| About this exercise |
Among the entries below, extract exactly the lines that run from the one with "Het perceel waarop" through the one with "Crafted from locally", both ends included.

| Dataset extract |

◇ ◇ ◇ ◇

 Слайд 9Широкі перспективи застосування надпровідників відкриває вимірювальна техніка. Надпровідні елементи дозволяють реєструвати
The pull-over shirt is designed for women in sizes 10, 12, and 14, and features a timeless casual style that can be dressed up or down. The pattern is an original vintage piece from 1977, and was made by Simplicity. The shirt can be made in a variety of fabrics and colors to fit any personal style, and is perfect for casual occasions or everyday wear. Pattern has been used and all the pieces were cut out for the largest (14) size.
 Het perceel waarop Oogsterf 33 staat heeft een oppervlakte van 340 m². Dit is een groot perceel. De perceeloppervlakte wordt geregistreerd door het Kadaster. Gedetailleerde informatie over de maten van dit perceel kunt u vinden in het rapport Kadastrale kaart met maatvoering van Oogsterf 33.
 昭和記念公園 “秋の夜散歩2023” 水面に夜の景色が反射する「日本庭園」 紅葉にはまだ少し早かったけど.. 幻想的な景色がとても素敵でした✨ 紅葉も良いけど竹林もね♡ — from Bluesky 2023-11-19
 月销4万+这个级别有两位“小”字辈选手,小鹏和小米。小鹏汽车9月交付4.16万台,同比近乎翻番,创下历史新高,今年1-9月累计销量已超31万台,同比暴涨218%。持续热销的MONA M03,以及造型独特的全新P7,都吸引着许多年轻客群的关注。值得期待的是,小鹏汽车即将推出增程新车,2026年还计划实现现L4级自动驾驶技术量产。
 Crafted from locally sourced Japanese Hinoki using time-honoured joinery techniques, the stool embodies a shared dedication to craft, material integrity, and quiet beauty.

◇ ◇ ◇ ◇

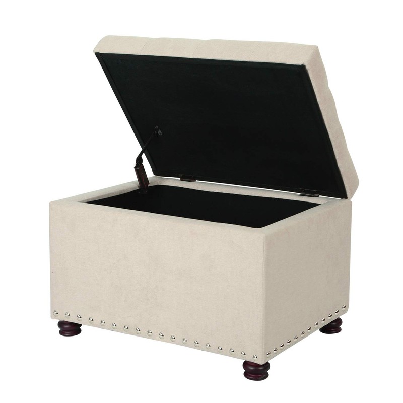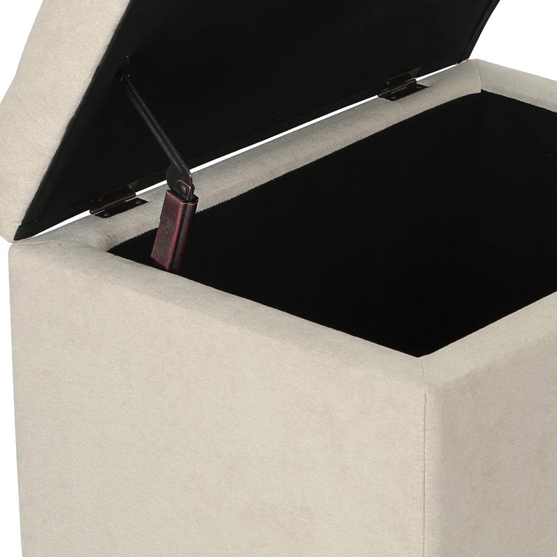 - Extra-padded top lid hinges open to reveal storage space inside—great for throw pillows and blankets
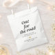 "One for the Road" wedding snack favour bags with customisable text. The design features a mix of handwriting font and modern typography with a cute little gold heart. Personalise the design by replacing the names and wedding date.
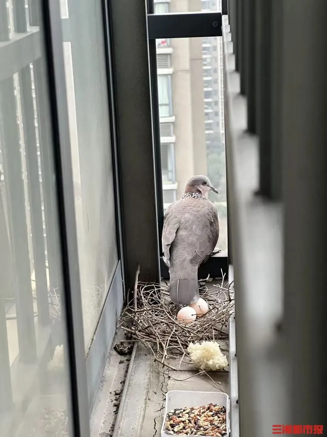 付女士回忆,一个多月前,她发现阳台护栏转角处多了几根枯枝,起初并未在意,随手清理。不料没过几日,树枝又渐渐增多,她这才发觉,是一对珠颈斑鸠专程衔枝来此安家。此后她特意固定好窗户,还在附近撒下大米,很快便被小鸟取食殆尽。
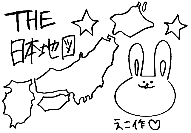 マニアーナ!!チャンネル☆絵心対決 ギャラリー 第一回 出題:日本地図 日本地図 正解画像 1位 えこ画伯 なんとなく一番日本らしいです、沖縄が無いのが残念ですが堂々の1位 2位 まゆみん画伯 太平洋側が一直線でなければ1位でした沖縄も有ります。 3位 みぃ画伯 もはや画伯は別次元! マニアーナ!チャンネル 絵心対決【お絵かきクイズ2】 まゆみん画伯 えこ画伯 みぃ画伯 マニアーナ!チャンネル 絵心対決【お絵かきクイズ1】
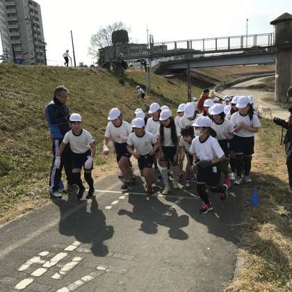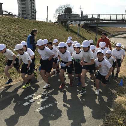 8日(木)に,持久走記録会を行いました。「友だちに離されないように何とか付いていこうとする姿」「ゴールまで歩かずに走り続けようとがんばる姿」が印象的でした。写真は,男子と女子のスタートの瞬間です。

◇ ◇ ◇ ◇

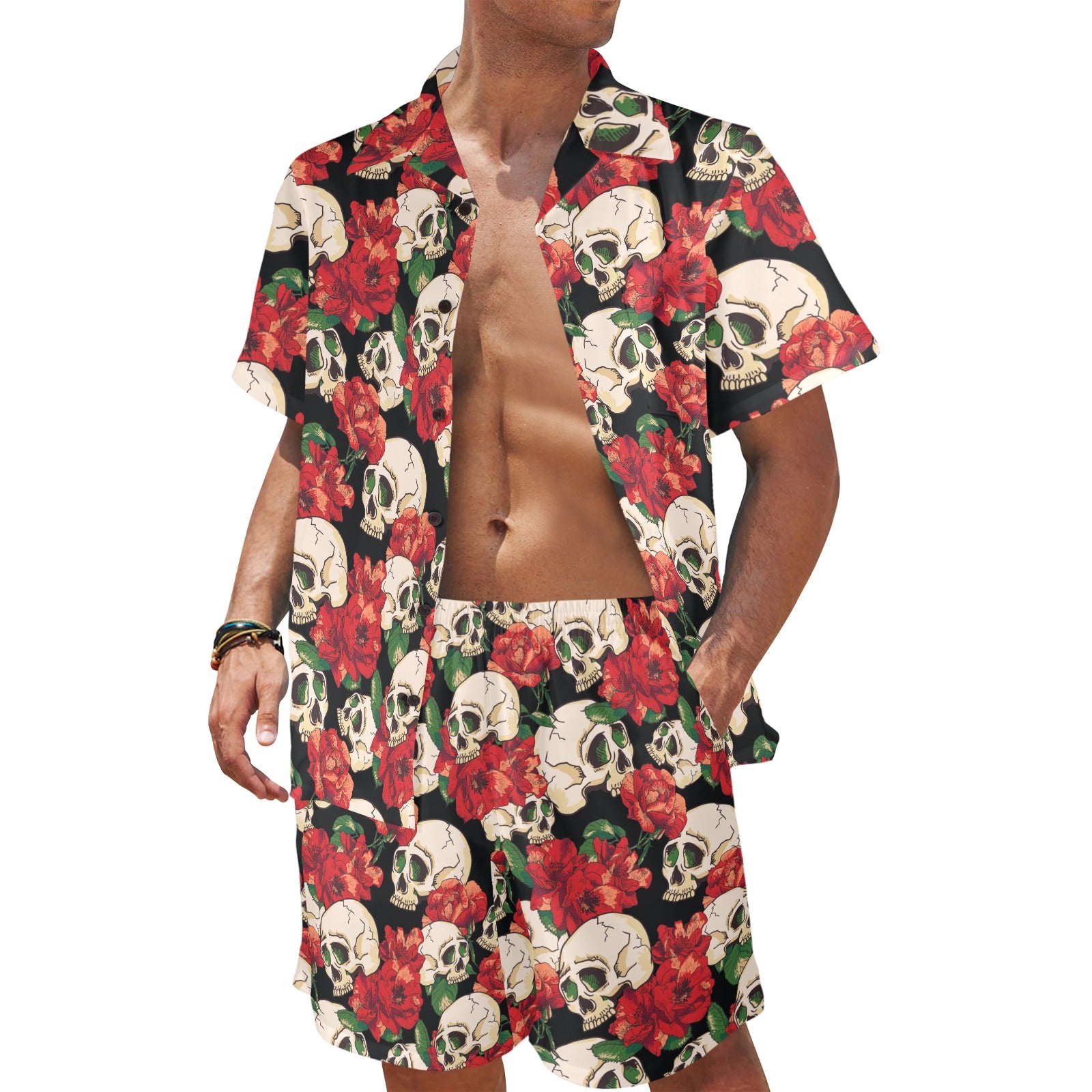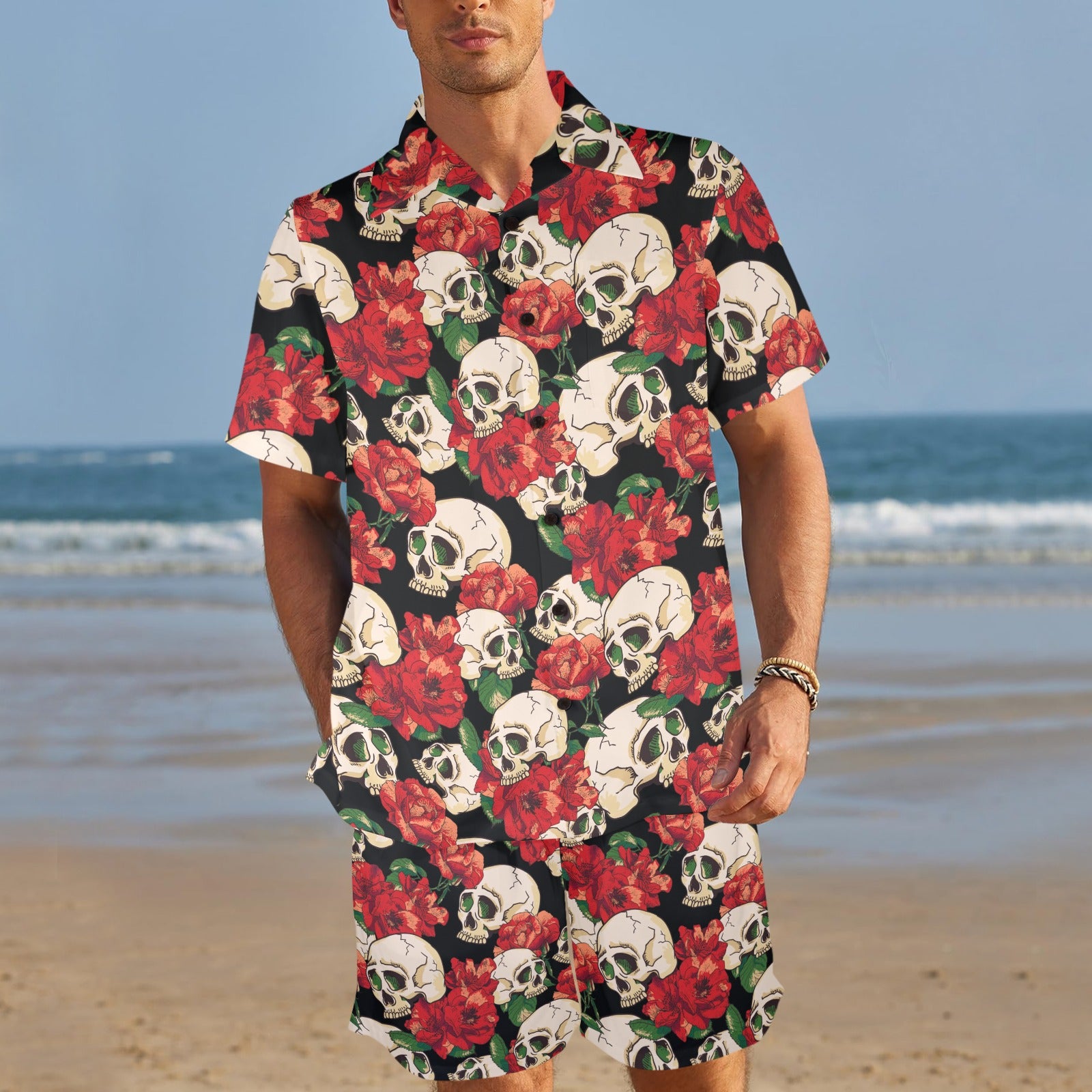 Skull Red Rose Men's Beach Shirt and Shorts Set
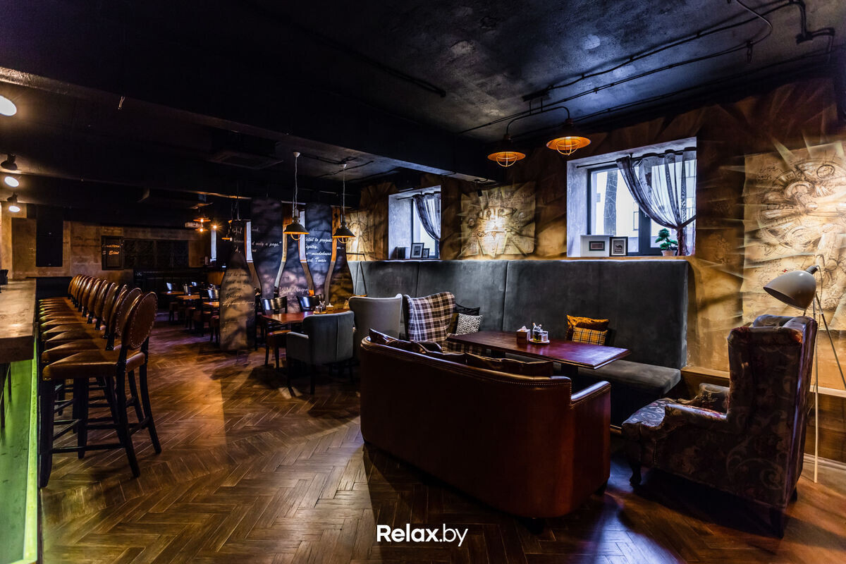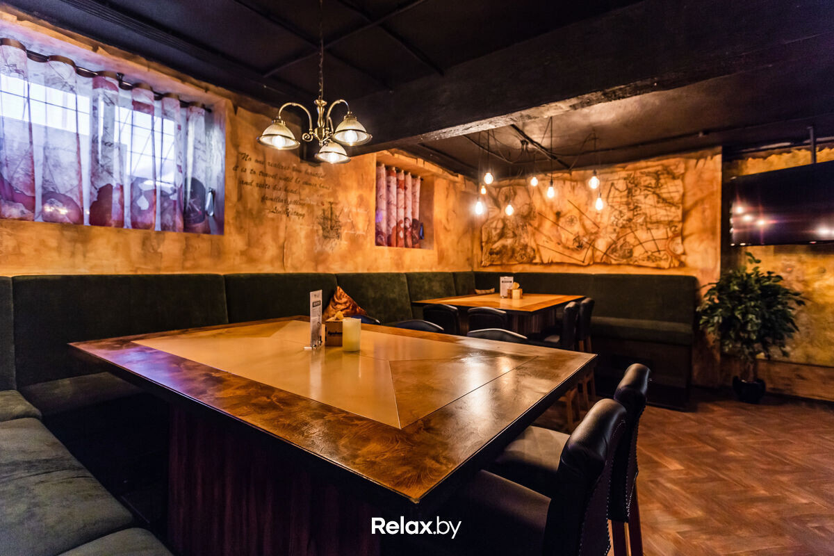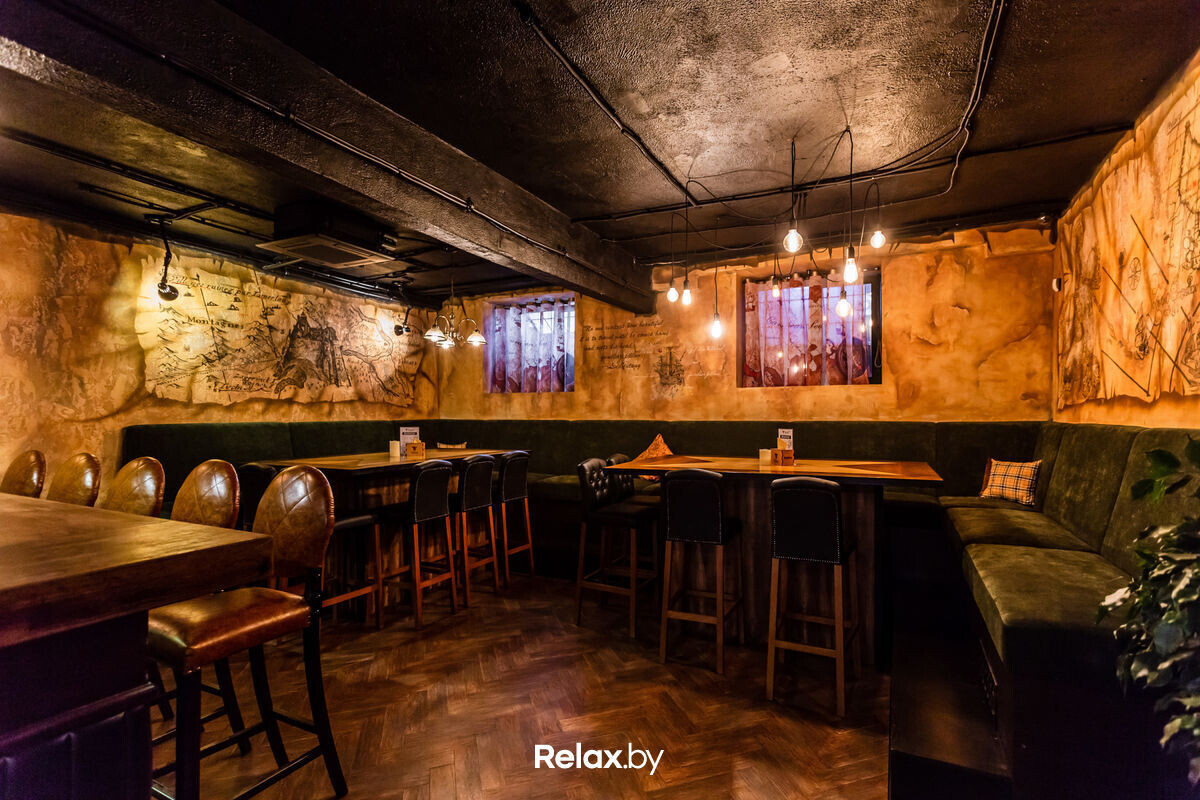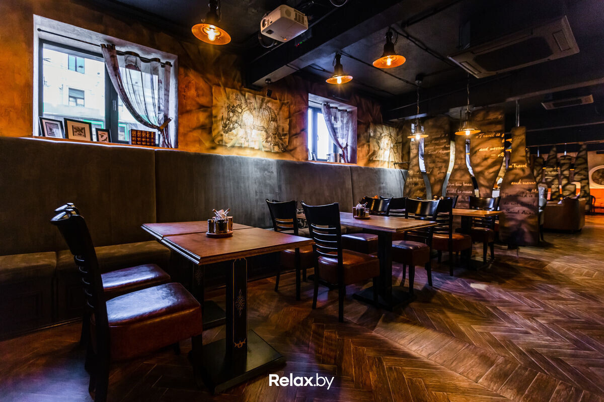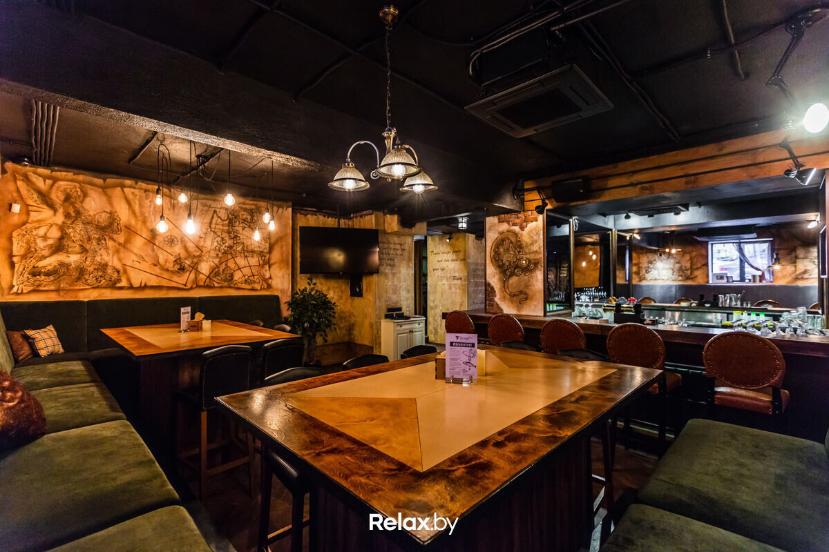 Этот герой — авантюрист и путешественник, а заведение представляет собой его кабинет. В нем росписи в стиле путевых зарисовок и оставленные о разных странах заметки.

◇ ◇ ◇ ◇

| Task solution |
 Het perceel waarop Oogsterf 33 staat heeft een oppervlakte van 340 m². Dit is een groot perceel. De perceeloppervlakte wordt geregistreerd door het Kadaster. Gedetailleerde informatie over de maten van dit perceel kunt u vinden in het rapport Kadastrale kaart met maatvoering van Oogsterf 33.
 昭和記念公園 “秋の夜散歩2023” 水面に夜の景色が反射する「日本庭園」 紅葉にはまだ少し早かったけど.. 幻想的な景色がとても素敵でした✨ 紅葉も良いけど竹林もね♡ — from Bluesky 2023-11-19
 月销4万+这个级别有两位“小”字辈选手,小鹏和小米。小鹏汽车9月交付4.16万台,同比近乎翻番,创下历史新高,今年1-9月累计销量已超31万台,同比暴涨218%。持续热销的MONA M03,以及造型独特的全新P7,都吸引着许多年轻客群的关注。值得期待的是,小鹏汽车即将推出增程新车,2026年还计划实现现L4级自动驾驶技术量产。
 Crafted from locally sourced Japanese Hinoki using time-honoured joinery techniques, the stool embodies a shared dedication to craft, material integrity, and quiet beauty.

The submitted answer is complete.